The first indications that a child has difficulty adapting to school often appear in his body. Repeated psychosomatic symptoms, such as headaches, abdominal pains, insomnia or fatigue without medical cause, may indicate that the child is experiencing severe anxiety. These physical signs are a way in which the child speaks when he still does not have the words to express his emotion.
Then there are behavioral indications: refusal to go to school, frequent excuses to stay home, intense parenting or avoiding social activities. It is important to remember that these reactions can be normal at the beginning of the year.
However, to delineate this and age. For example:
A kindergarten child may take up to three months to adapt and have regressions after viruses, vacations, etc.
A first -grade child is expected in about two weeks to gradually find the tools to cope.
A older children even faster due to past experience and cognitive development
How can parents cultivate a positive attitude for reading and lessons since the beginning of the year?
From the beginning of the year, parents can cultivate a positive attitude for reading and lessons through their own attitude and relationship with the child. The first step is confidence in the teacher. The parent does not need to replace the teacher or become a “teacher” himself at home. His role is supportive: to be present, available, but not to do the child’s job instead of him.
The study is a personal course of the child. Parents need to accept their mistakes, see them as signs of evolution rather than failure. The control of the notebooks and the tasks is not done to find mistakes, but to have a calm supervision of the child’s course. And if he sometimes forgets an exercise or his letters are not perfect, nothing happened. Learning is an evolutionary process, with unevenness and ups and downs.
It is equally important that the study is not converted into an exhaustive process. It is not useful for children to read endless hours, late at night or wake up earlier in the morning to catch up. Learning needs a relaxing mind and concentration. That is why it is useful to create a steady routine, depending on the age and class of the child, with a specific study time in the day. So the child learns to organize, have boundaries and keep a balance between study and play.
But the most important is the example. If the child sees that parents are reading, then reading becomes part of everyday life and not chore. It does not always have to be literature or scientific books. It can be a magazine, an article or even a children’s book. The message that passes the child is that reading is joy, lifestyle, discovery path.
And one last one, simple but beautiful: even in cooking, you can read a recipe together. Especially with younger children, give them the opportunity to read the materials or follow the steps.
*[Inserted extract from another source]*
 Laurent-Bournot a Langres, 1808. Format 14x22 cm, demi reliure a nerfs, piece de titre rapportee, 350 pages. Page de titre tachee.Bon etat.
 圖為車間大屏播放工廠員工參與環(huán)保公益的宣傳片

So reading becomes a game, life experience and common creation. Boast about this success.
What is the most important message you would like to give parents for the new school year?
The most important message is to continue to be parents. Parents do not need to become “teachers” at home, but to be the safe framework in which the child will return every day.
The most important is:
- To show confidence in the teacher.
- To accept the child’s mistakes as a natural part of learning.
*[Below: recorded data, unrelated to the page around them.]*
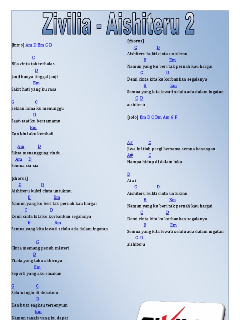 Chord Zivilia Aishiteru 2 Chord Gitar Indonesia Kumpulan Kunci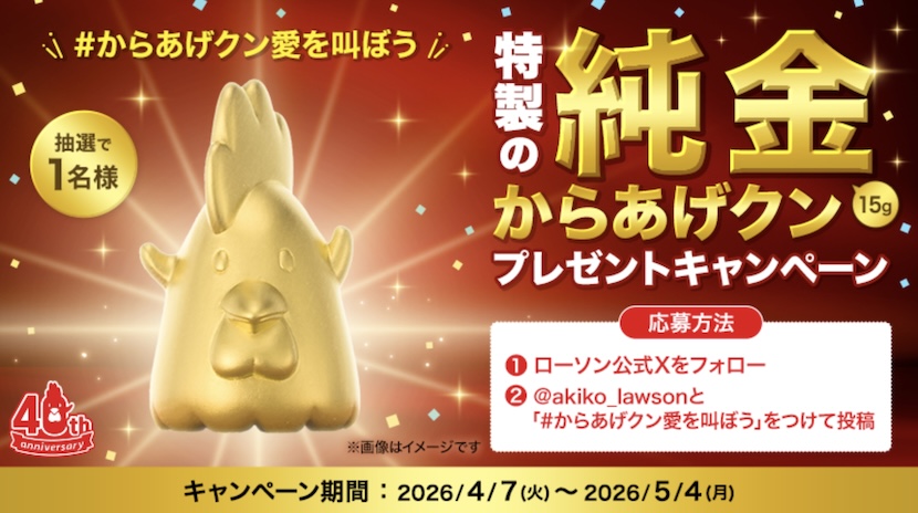 ローソン公式Xアカウントをフォローし、指定ハッシュタグを付けて投稿すると、抽選で1名に特製の純金からあげクンが当たる企画で、40周年ならではのプレミア感があります。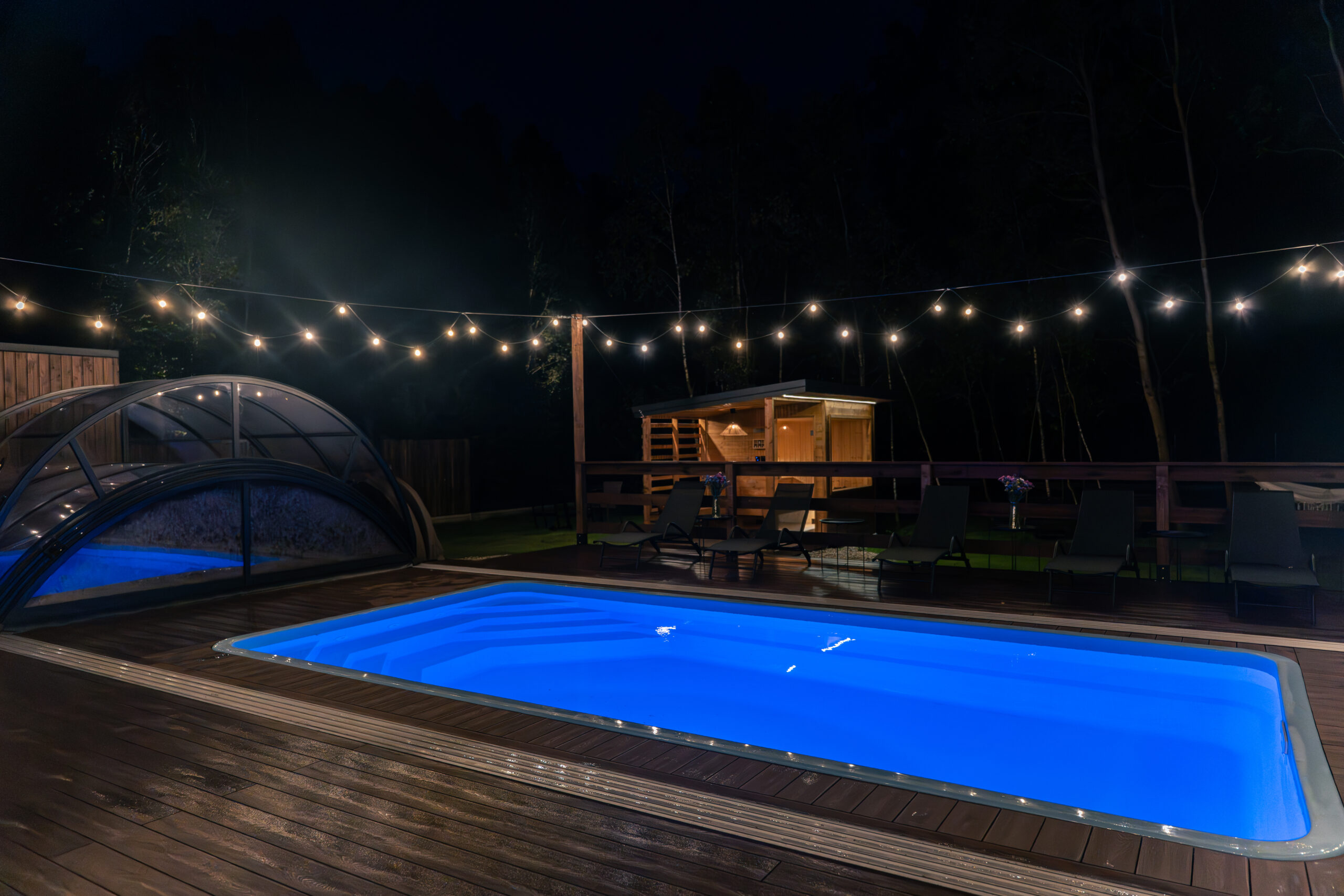 Nasza Willa oferuje miejsce dla 22 gości w tym nocleg dla 16 osób. Na tarasie czeka na Państwa przestronna wiata z możliwością zimowego ogrodu (ogrzewana zimą) oraz podgrzewany całoroczny basen ze strefą leżaków do opalania. W podświetlonym ogrodzie znajdą Państwo gorącą balię oraz saunę ze śpiewem ptaków. Leśny Reset został urządzony ze smakiem i dbałością o detale, oferując pełne wyposażenie, elegancki design oraz atmosferę, w której luksus spotyka się z naturą.

- To support without pushing or excessively controlled.
- Create a stable study routine without exhausting hours.
- To make themselves a model of reading and curiosity for the world.
- Share simple reading moments (a book, a recipe, a magazine).
So the child will not feel that reading is a weight, but that it is a journey that is worth living with joy.
Happiness Barsami-Missing Educator, EKP-MSC Developmental Psychology
Source: Skai
I have worked as a journalist for over 10 years, and my work has been featured on many different news websites. I am also an author, and my work has been published in several books. I specialize in opinion writing, and I often write about current events and controversial topics. I am a very well-rounded writer, and I have a lot of experience in different areas of journalism. I am a very hard worker, and I am always willing to put in the extra effort to get the job done.